Published Mar 18, 2026MonthsCovers: March 2026 grocery price inflation driven by fuel surcharges on food transportationThe Price We Pay
About This Track
A R&B take on The cascading effect of gas prices on grocery costs and the impossible choices facing parents, wrapped in soulful production, rooted in events from March 2026 grocery price inflation driven by fuel surcharges on food transportation.
Inspired By
The cascading effect of gas prices on grocery costs and the impossible choices facing parents at the
This track was born from a real headline: The cascading effect of gas prices on grocery costs and the impossible choices facing parents at the supermarket checkout line. Muckraker's r&b production gives the story the weight of a front-page exclusive — journalism you can feel in your chest. Lines like "Used to fill it to the top, every Sunday after church," anchor the track in specifics that generic coverage misses. The mood — soulful, aching, tender vulnerability — reflects the emotional reality behind the numbers. Every Majik's Studio news track exists to make you feel the story, not just read it.
[verse 1]
Used to fill it to the top, every Sunday after church,
ground beef, frozen peas, the good bread, not the worst.
Now I'm standing in the aisle at the Kroger on Vine,
holding up two jars of peanut butter, doing math in my mind.

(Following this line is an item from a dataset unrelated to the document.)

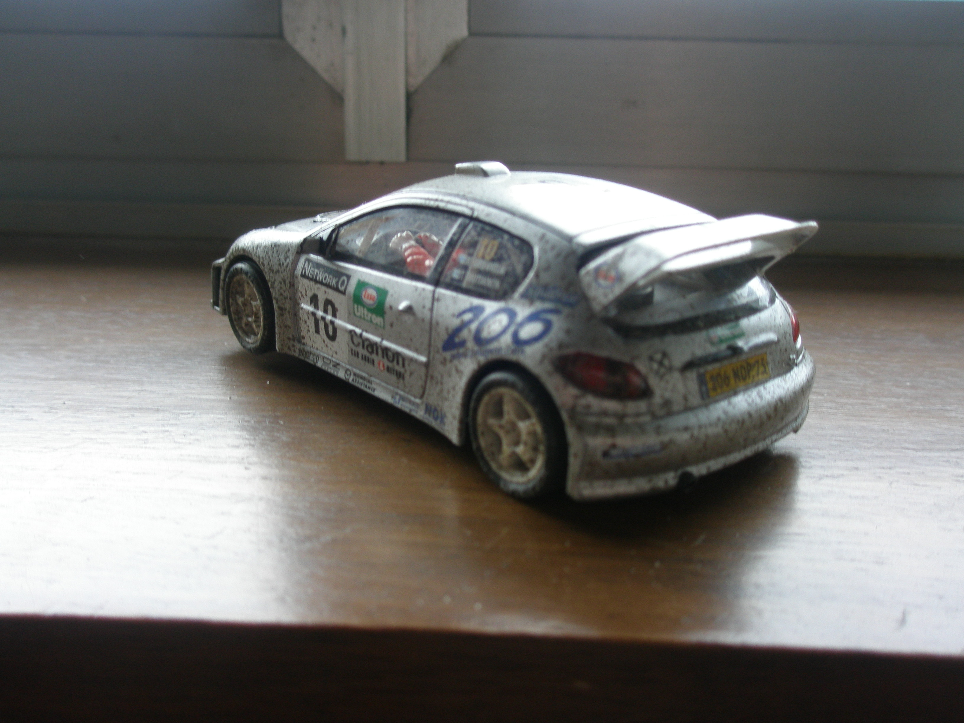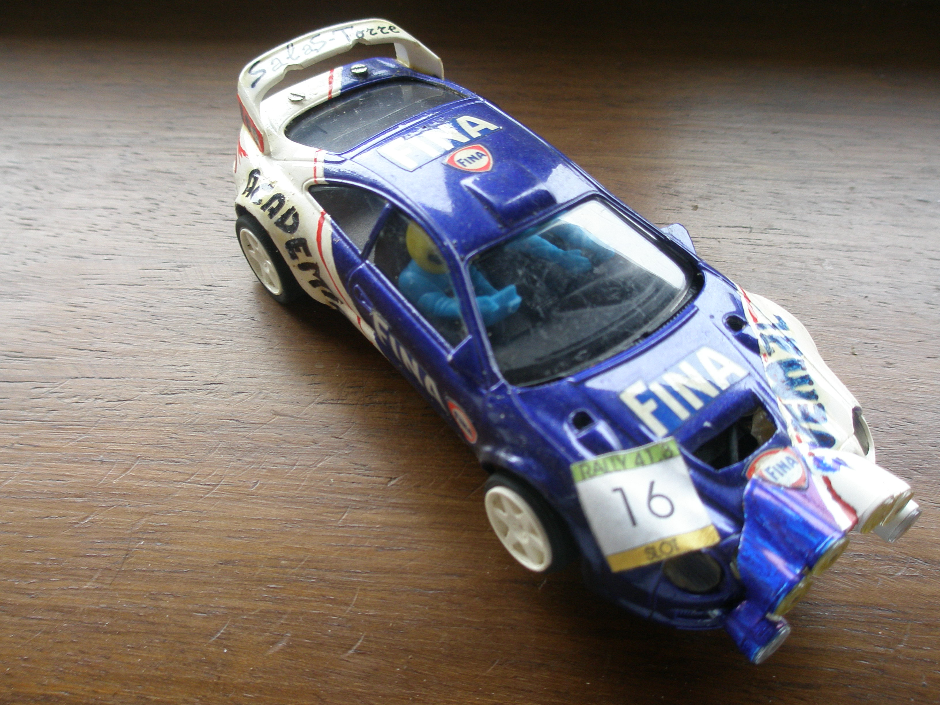 Voy a inagurar el apartado de Slot presentando mi pequeñisima y muy modesta colección de vehiculos de rallye. Hace ya unos años competía en rallyes de slot con mi toyota celica gt4 grupo A. Tiene pocas cosas hechas: carrocería rebajada y ensanchada, chasis aligerado y modificado, guía basculante, chistales de acetato mas ligeros, llantas y neumaticos de competición y la decoración exclusiva, incluida la parrila de faros de un ford focus. El resto de mi colección incluye un subaru imprezza del año catapún que comencé a pintar y nunca termine (me falta darle unas capas de laca), un 206 wrc y un xsara wrc, ambos de estricta serie y practicamente sin usar.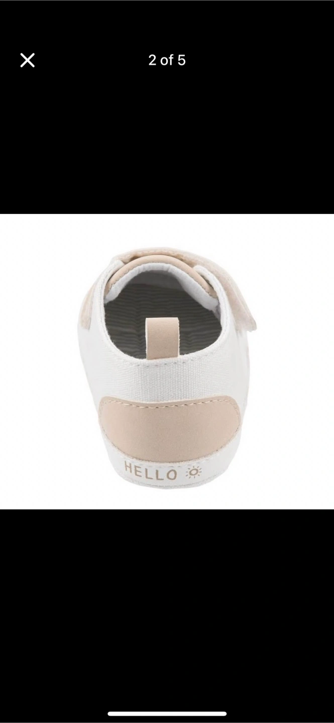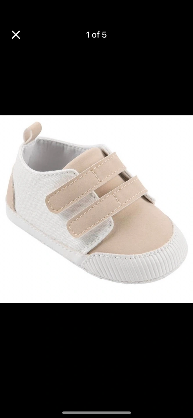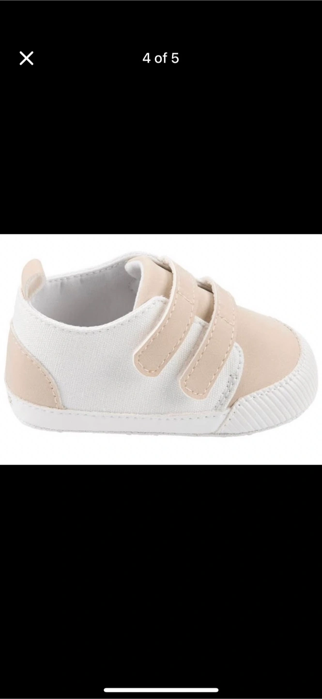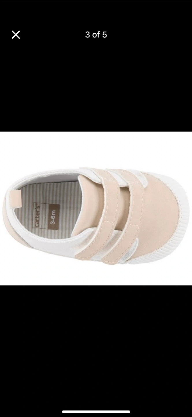 Super cute Carter's baby shoes! These are in a neutral beige and white colour, perfect for any outfit. They're size 3-6 months, and the general size is 0-3 months with a length of 4.25". Great for your little one!

The creamy one is four-nineteen, the store brand's three-oh-eight,
but three-oh-eight times three kids means I'm putting something back late.
Eggs went up a dollar since the ships stopped coming through,
milk is almost six a gallon, what's a mama gonna do?
I got a list of twenty items, money for thirteen,
so I'm crossing off the apples, crossing off the tangerines.
My baby girl wants strawberries, the ones in the plastic box,
but strawberries are luxury now, like jewelry, like stocks.
[chorus]
Empty cart, heavy heart,
putting back what we can't afford to start.
Empty cart, heavy heart,
the price of war is tearing us apart.
[verse 2]
Drive-through used to be our Friday, nuggets, fries, a shake,
now the value meal's eleven dollars, more than I can take.
So I'm boiling rice and beans again, the kids don't complain much,
but I saw Jaylen hide his face at school, ashamed of bag lunch.
Teacher sent a note home, said he gave his food away,
said he told the other kids his mama packed too much today.
That broke me at the kitchen table, tears on the formica top,
my boy protecting me from knowing that our lives just dropped.
Inflation's just a word they use on Bloomberg and the news,
but here it's choosing which utilities I'm willing to lose.
Water, lights, or internet so the kids can do their work,
three things that should be simple, now they cut me like a dirk.
[chorus]
Empty cart, heavy heart,
putting back what we can't afford to start.
Empty cart, heavy heart,
the price of war is tearing us apart.
[bridge]
I don't need a politician telling me to tighten up,
I been tight since I was twenty-two, my belt ain't got enough.
I need the cost of being alive to stop this upward climb,
I need my children eating breakfast and I need it every time.
They say be patient, say it's temporary, say the market will adjust,
but patience on an empty stomach crumbles into dust.
[chorus]
Empty cart, heavy heart,
putting back what we can't afford to start.
Empty cart, heavy heart,
the price of war is tearing us apart.
[outro]
Empty cart... heavy heart...
we didn't start this fire but we're burning from the start.